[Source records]
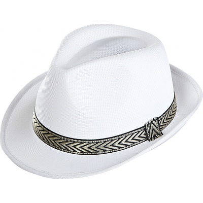 Bílý mafiánský klobouk s černým proužkem pro dospělé. Ideální karnevalový klobouk ke kostýmu gangstera nebo mafiána. Bílý mafiánský klobouk můžete zakoupit u nás na internetovém e-shopu nebo v kamenné prodejně na Tylově nábřeží, Hradec Králové.
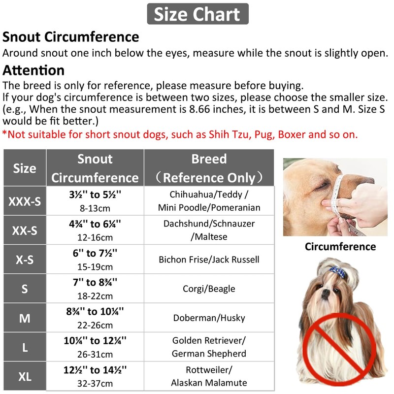 - MUZZLE for SMALL DOGS: This secure muzzle is ergonomically designed for dogs with a long snout, not suitable for short snout dogs such as Pit Bull and Boxer. Size S is suitable for snout circumference between 7" and 8¾". Please measure twice before buying. The small dog muzzle is fit for Beagle, Corgi, Border Collie, and so on. If you have any problems with sizing, we are happy to help you.
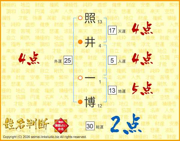 生活面を象徴する運勢です。外部から受ける影響力を表し、結婚運、家庭運や職場、環境への順応性を表します。総運から人運を引いた画数。姓や名が1文字の場合を除く。
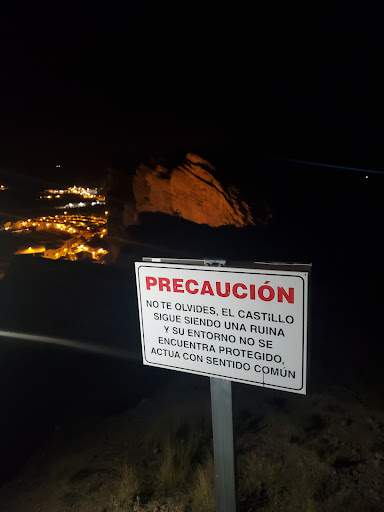 Lo más relevante de este castillo es su complicado acceso adaptado al relieve existente y sacándole todo su potencial defensivo. Para acceder a la entrada había que cruzar el largo muro de unos 30 metros que por el oeste se une al castillo y discurre paralelo al precipicio (actualmente es el acceso a la estatua de la Virgen). Había que recorrer este acceso muy cerca del borde, por un terraplén ahora desaparecido, hasta llegar a un corredor en ángulo de 90 grados que sigue junto al lateral de la muralla. Dicho corredor conduce a la torre circular de la esquina noroeste, a través de la cual había que flanquear dos puertas dispuestas también en ángulo recto. Un tipico acceso en codo pero que en este caso es doble. Después de abandonar el castillo, esta entrada quedó inutilizada y se abrió otra en el centro de la muralla norte.
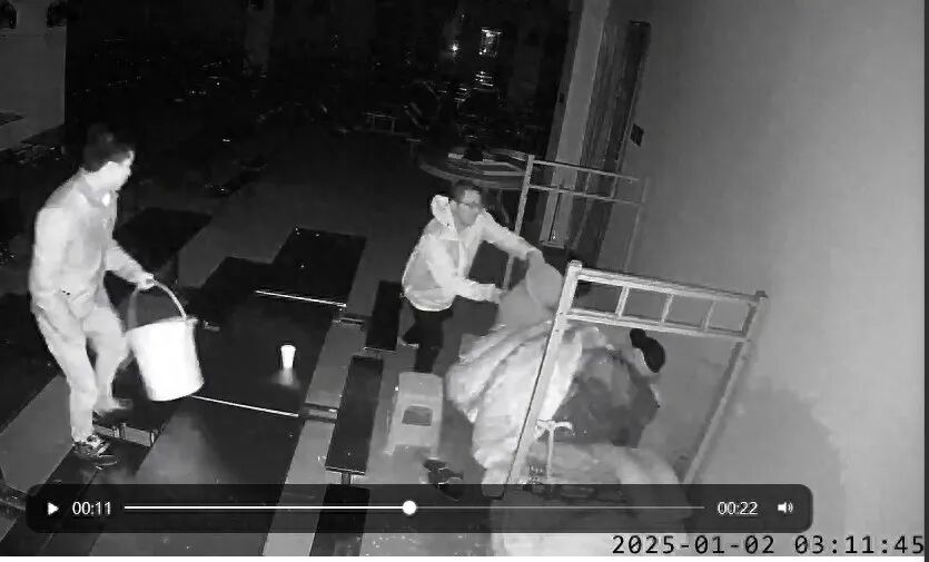 网传视频显示,1月2日凌晨3点11分左右,两名男子各自拎着一个水桶,慢慢靠近墙边的床铺位置,其中一男子踩上一旁的桌凳。随后,两人先后将桶里的水泼向睡在铺位上的老人。老人的上半身、被子等被淋湿。
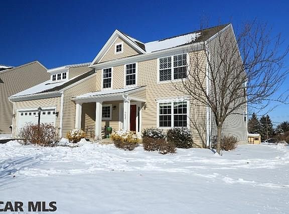 Sleek & sophisticated 2-story in the popular Foxpointe subdivision. A flowing floor plan of space & function, designed for everyday living or entertaining. Welcoming 2-story foyer with an abundance of natural light from multiple windows, hardwood flooring & an oak staircase. Stylish eat-in kitchen with maple cabinets, Corian countertops, tile backsplash, stainless appliances, practical island & separate dining area with slider to the rear deck & patio space. Spacious family room with cozy fireplace, convenient 1st floor laundry/mudroom leads to the attached 2 car garage. Upstairs you will be delighted to find a relaxing master suite with 2 walk-in closets, full private bath with a dual vanity, tile flooring, walk-in shower & separate water closet. There are 3 additional well-appointed bedrooms & a large hall bath with a dual vanity. Additional highlights include fresh professional interior paint, natural gas forced air heat & central air conditioning.
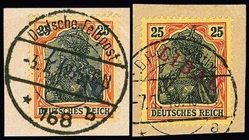 Libau, 25 Pfg., Aufdrucktype II in violettblau und rot auf zwei Briefstücken, sign. Drahn, Vossen, Kosack, Krumhaar u.a. Mi. 1050,-
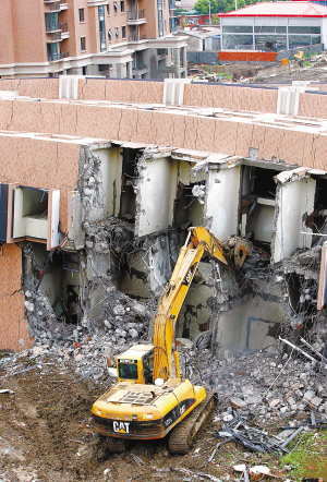 上海那栋 倒覆楼房开始拆除 8月5日,上海市闵行区“莲花河畔景苑”倒覆楼房开始拆除,整个拆除工作预计一周左右完成,之后,万科房地产有限公司将作为第三方托管未倒覆楼房的后续建设。 新华社记者 裴鑫摄
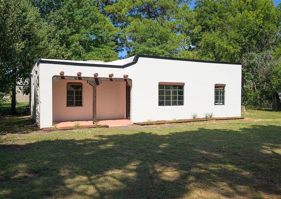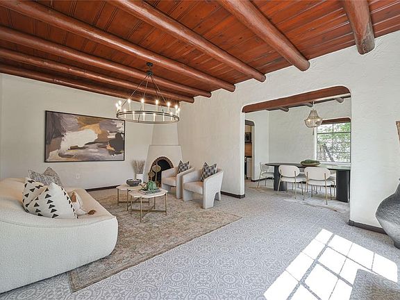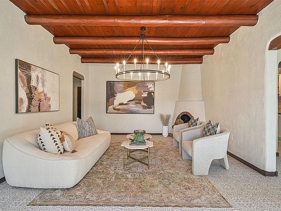 This Spanish Pueblo Revival has been brought back to life with modern updates for today’s lifestyle, all while maintaining its timeless character and charm. Nestled on nearly half an acre of land with mature trees, this home exudes warmth with its intact exterior details and cozy interior. Inside, you’ll find beautiful rounded walls, an original corner fireplace, stunning wood ceilings, and charming beams above the windows, adding to its inviting atmosphere. The fully remodeled kitchen features new cabinets, granite countertops, designer tile, floating shelves, stainless steel appliances, and a pantry. The bathroom has also been tastefully updated with a new vanity, stylish tile, and a walk-in shower. Two bedrooms are conveniently located near the full bathroom, while an additional bedroom or office space is situated on the opposite side of the house, near the laundry room and half bath. Outside, a spacious covered back patio overlooks the serene backyard. For those who enjoy hobbies, there’s a large 2000 sq. ft. (mol) metal workshop. This truly special and unique home is waiting to welcome you.
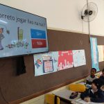 Os alunos assistiram o vídeo: Cuidando com o meio ambiente, da Turma da Mônica. Partindo do vídeo, fizemos uma roda de conversa sobre o assunto. Depois realizaram ilustrações das atitudes negativas e positivas. Utilizamos também jogos online: WORDWALL- sobre o meio ambiente- QUIZ. Também trabalhamos com o livro didático, as partes da plantas e o ciclo vital da planta, onde foi realizada a experiência da germinação do feijão.
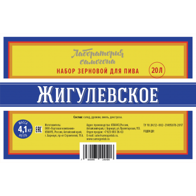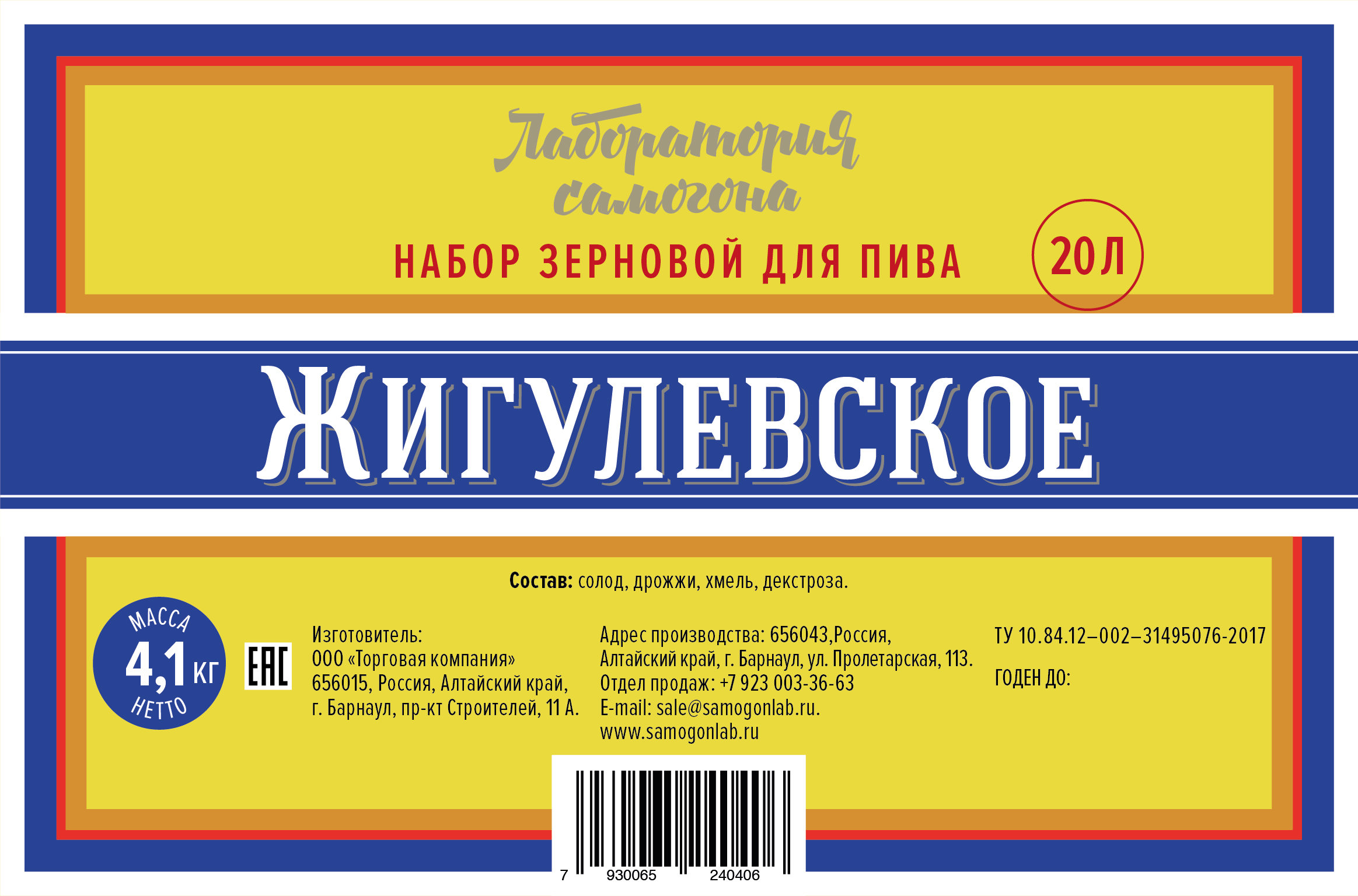 Зерновой набор "Лаборатория самогона" для приготовления пива "Жигулёвское"
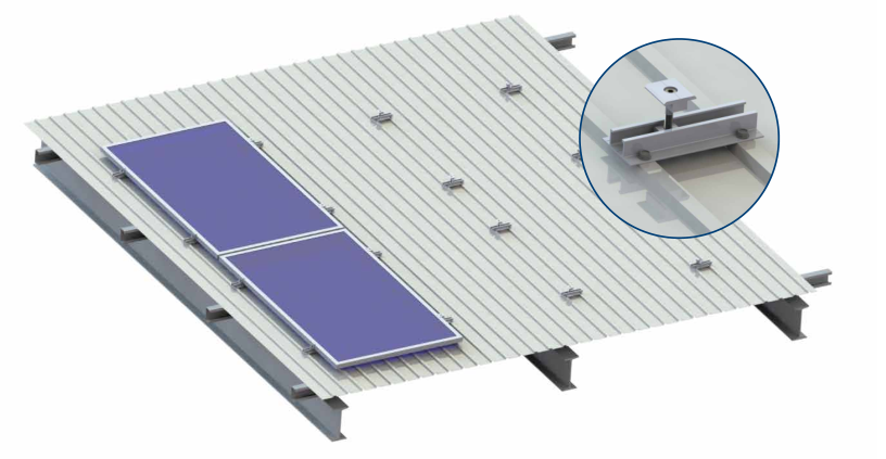 Le guide leggere possono essere installate su tetti in metallo, la struttura a forma di U è una combinazione di guide e morsetti. basso costo e rapida installazione. Rivettato o avvitato su ondulazioni rialzate.
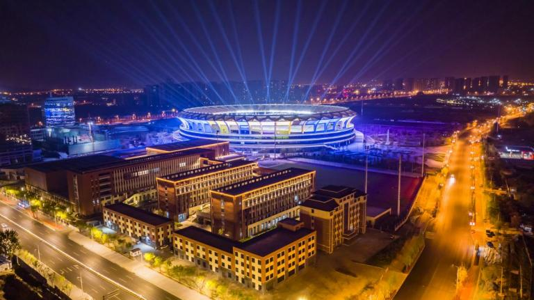 项目位于胶州湾北部青岛市高新区。夜景照明设计注重科技与文化的融合,重点突出建筑个性,致力做到“见光不见灯”。同时,结合“海之沙”“云之贝”的建筑造型解读,用灯光阐述现代简约、艺术典雅的设计理念,通过灯光色彩的变化展现体育文化的丰富性和多样性,赋予建筑现代性、时尚感等特质。此外,项目采用LED绿色环保灯具,实现绿色照明,严格控制光污染。项目获得2018年山东绿色照明奖“工程设计三等奖”、2019年中国景观照明奖“工程设计三等奖”。
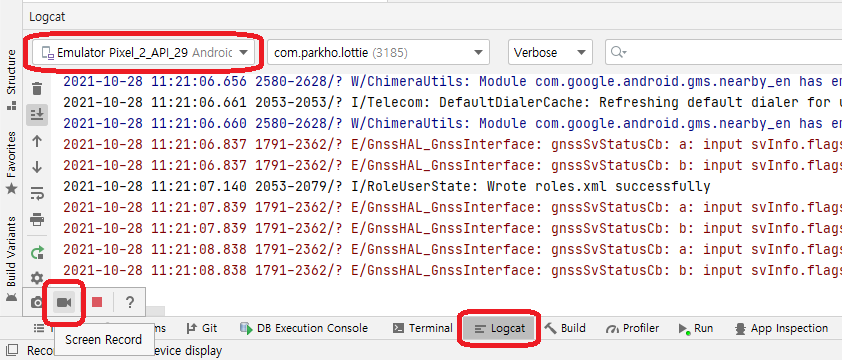 Logcat 의 'Screen recorder' 이용하기
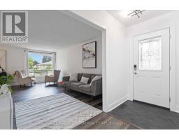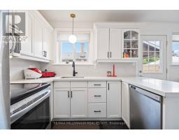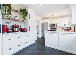Welcome to this beautifully updated and meticulously maintained home, ideally situated in the highly sought-after Bay Ridges neighbourhood-a family-friendly community just steps to the lake. Perfectly located within walking distance to the GO Train, public transit, top-rated schools, community centre, parks, shops, and an array of services, this home also offers a quick 5-minute drive to Highway 401, making it a commuter's dream.Step inside to a sun-drenched, open-concept living space featuring a large living room with hardwood floors, a picture window, and sleek floating cabinetry. The elegant dining area is adorned with a stunning feature wall and flows into a modern kitchen boasting quartz countertops, herringbone tile flooring, a built-in coffee bar, decorative shelving, and a walkout to a charming patio-ideal for indoor-outdoor entertaining.The upper level includes three spacious bedrooms, all with hardwood flooring, and an updated 4-piece bath. Downstairs, you'll find a fully finished family/recreation room painted in designer tones, complete with pot lights, built-in bookshelves, and a new vinyl floor. The updated 3-piece bathroom and laundry room with built-in cabinetry, stainless sink, and generous counter space-add to the home's functionality. A massive crawl space offers tons of additional storage.Extras include top-down/bottom-up window shades in the bedrooms, a newer A/C (2022), garden shed, and a good-sized yard with brand new wood fencing-perfect for family living or entertaining.This home blends comfort, convenience, and character in a prime location! (id:61594)
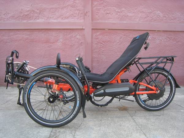 Barely ridden HP Velotechnik Scorpion fx 20 recumbent tricycle with Neodrives Z20 hub motor in as new condition located in Alameda, California. Only has 11.6 km (7.2 miles) on the odometer and has only been ridden on test rides on dry roads. Includes 5-year warranty on the frame.
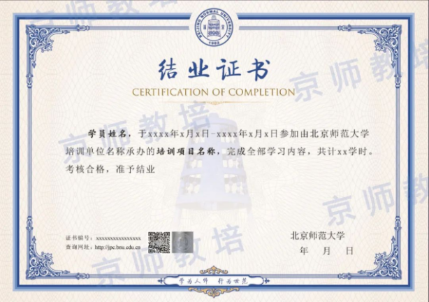 五、结业证书 为修满学时、考核合格的学员颁发北京师范大学培训结业证书,可在北京师范大学培训管理信息平台(//jpc.bocaisports.net/cms/zscx/index.htm)进行证书查验。
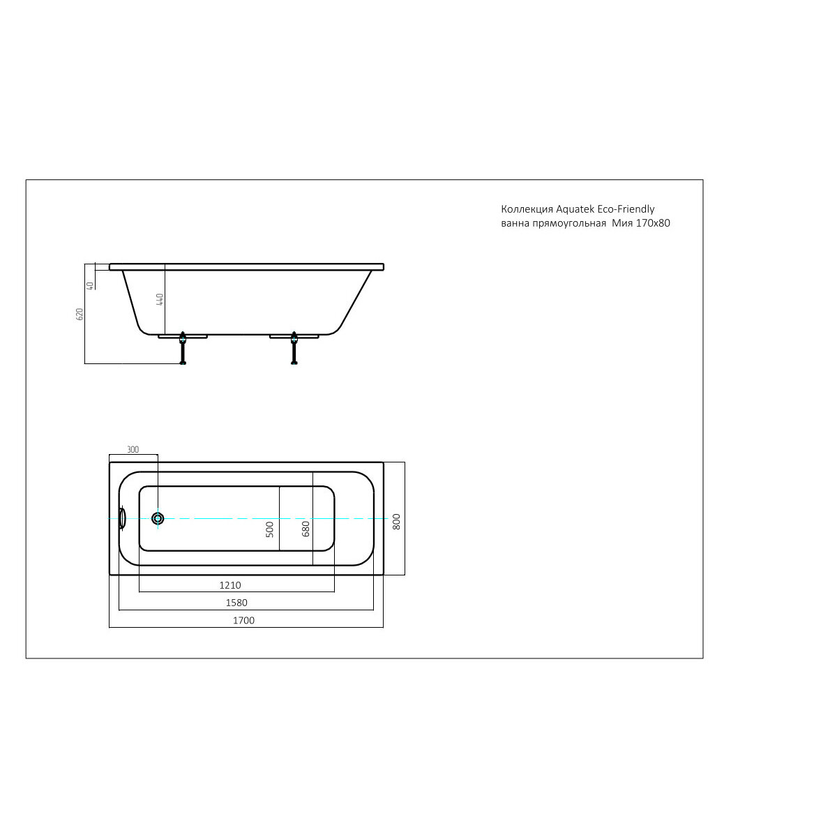Ванна акриловая Aquatek Мия прямоугольная 170х80 см MIY170-0000032 Белый информация:
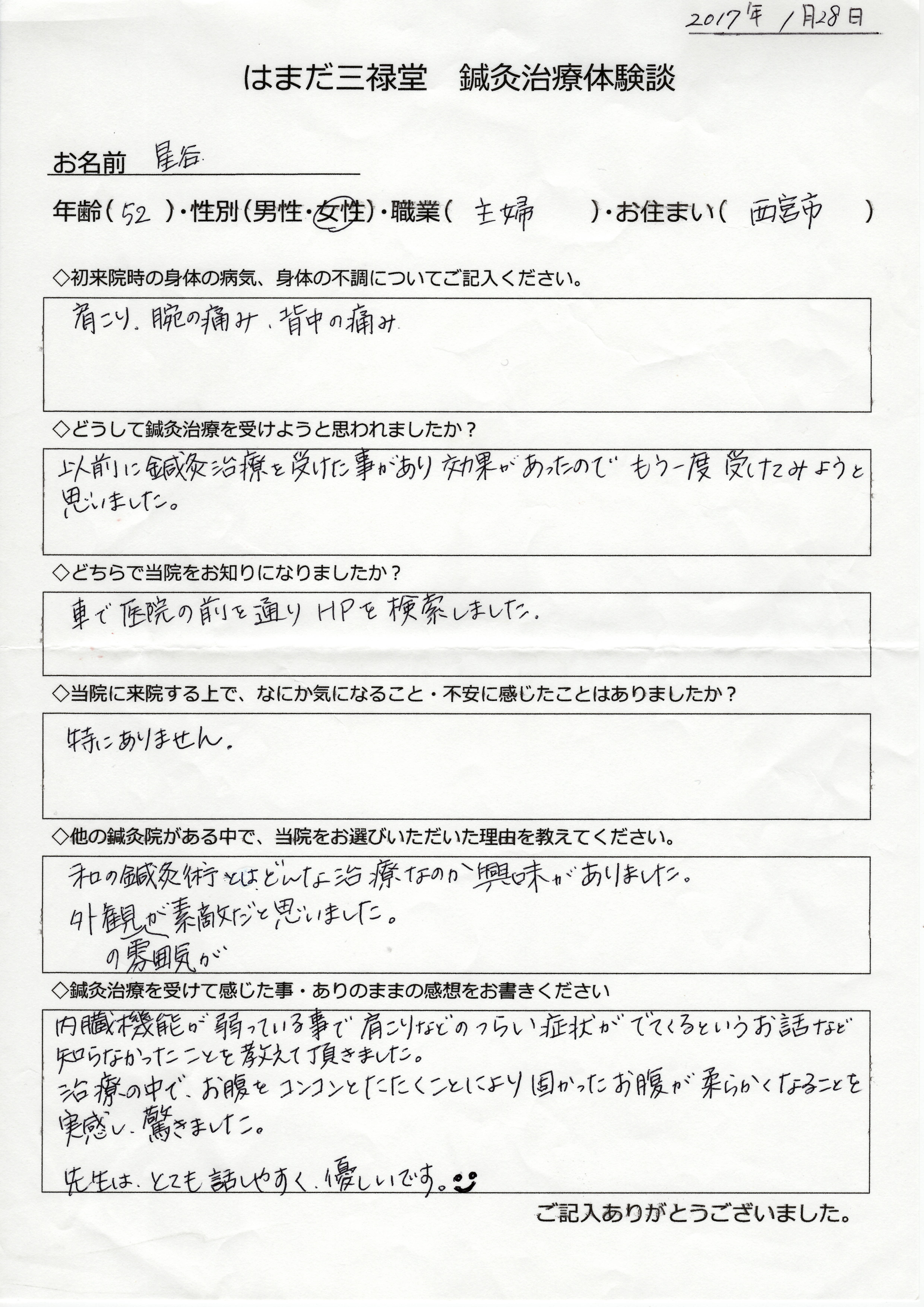 ◇鍼灸治療を受けて感じた事・ありのままの感想をお書きください。
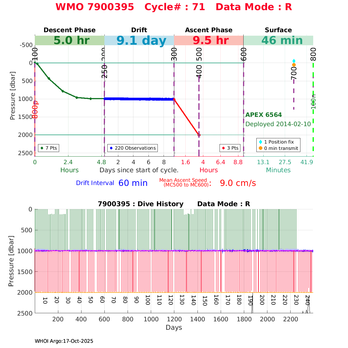 | WMO: #7900395 DAC: csiro PI: Susan Wijffels APEX: #6564 SBE41CP_V2: #4829 DRUCK: #3514765 Altimeter Comparison (IFREMER) EuroArgo Link | ![]() |
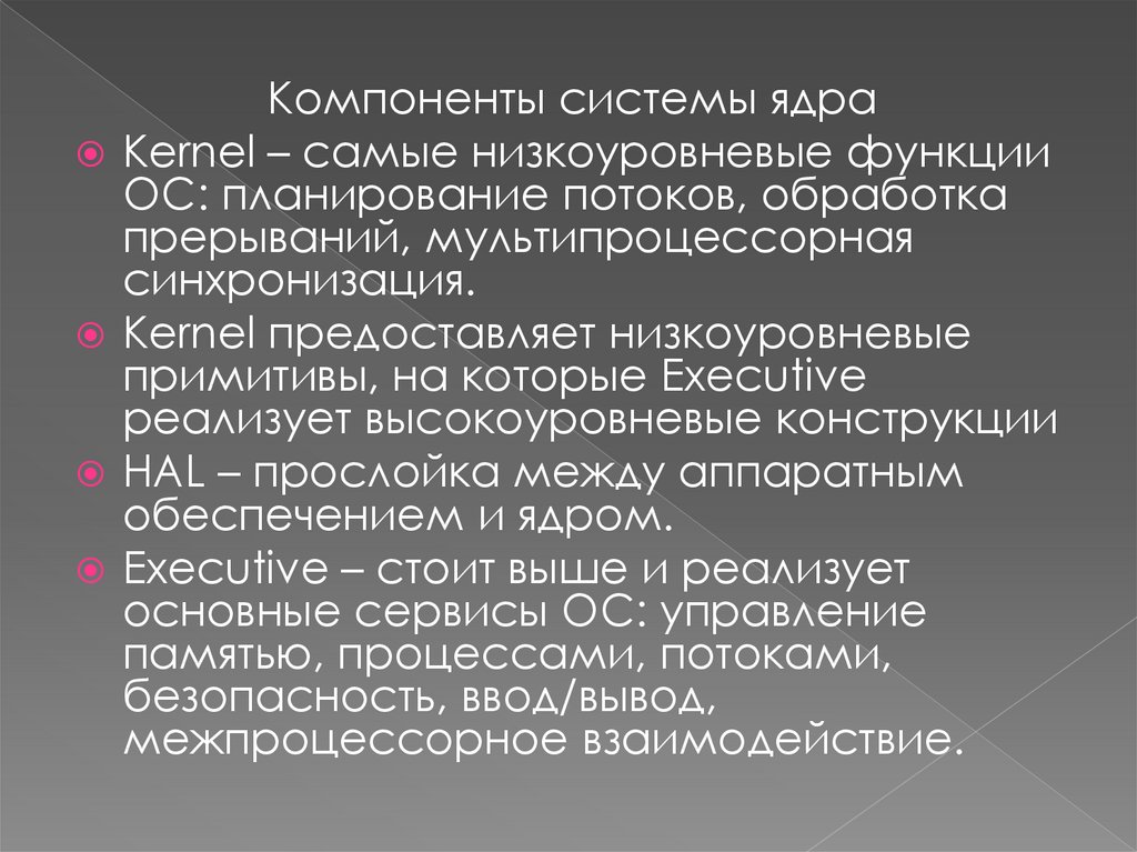 Компоненты системы ядраKernel – самые низкоуровневые функции
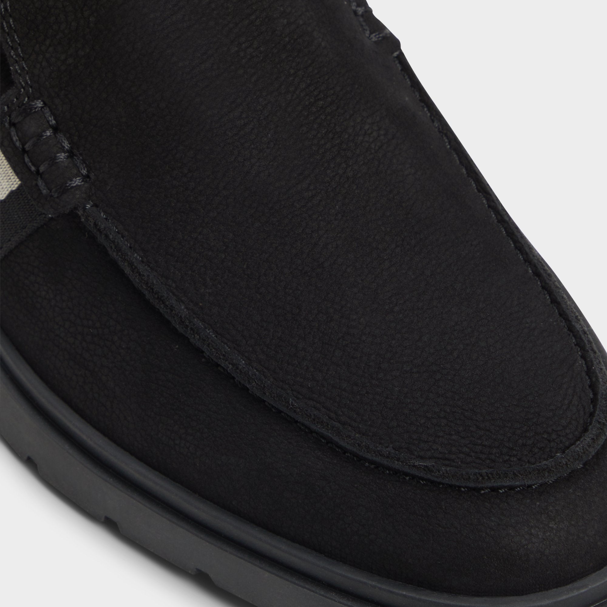 A stealthy grey side stripe breaks up the black textile upper while cushy lugged rubber soles deliver sneaker-level grip so you can dart from desk to drinks without second thoughts. Roll it with slim chinos for casual meetings or anchor faded denim shorts on seaside weekends-no socks required.

## REQUIRED ACTION
Pictures excluded, reproduce only the part above that opens with the line holding "生活面を象徴する運勢です。外" and closes with the line holding "网传视频显示,1月2日凌晨3", exactly as written.

## ANSWER TO THE PROBLEM
 生活面を象徴する運勢です。外部から受ける影響力を表し、結婚運、家庭運や職場、環境への順応性を表します。総運から人運を引いた画数。姓や名が1文字の場合を除く。
 Lo más relevante de este castillo es su complicado acceso adaptado al relieve existente y sacándole todo su potencial defensivo. Para acceder a la entrada había que cruzar el largo muro de unos 30 metros que por el oeste se une al castillo y discurre paralelo al precipicio (actualmente es el acceso a la estatua de la Virgen). Había que recorrer este acceso muy cerca del borde, por un terraplén ahora desaparecido, hasta llegar a un corredor en ángulo de 90 grados que sigue junto al lateral de la muralla. Dicho corredor conduce a la torre circular de la esquina noroeste, a través de la cual había que flanquear dos puertas dispuestas también en ángulo recto. Un tipico acceso en codo pero que en este caso es doble. Después de abandonar el castillo, esta entrada quedó inutilizada y se abrió otra en el centro de la muralla norte.
 网传视频显示,1月2日凌晨3点11分左右,两名男子各自拎着一个水桶,慢慢靠近墙边的床铺位置,其中一男子踩上一旁的桌凳。随后,两人先后将桶里的水泼向睡在铺位上的老人。老人的上半身、被子等被淋湿。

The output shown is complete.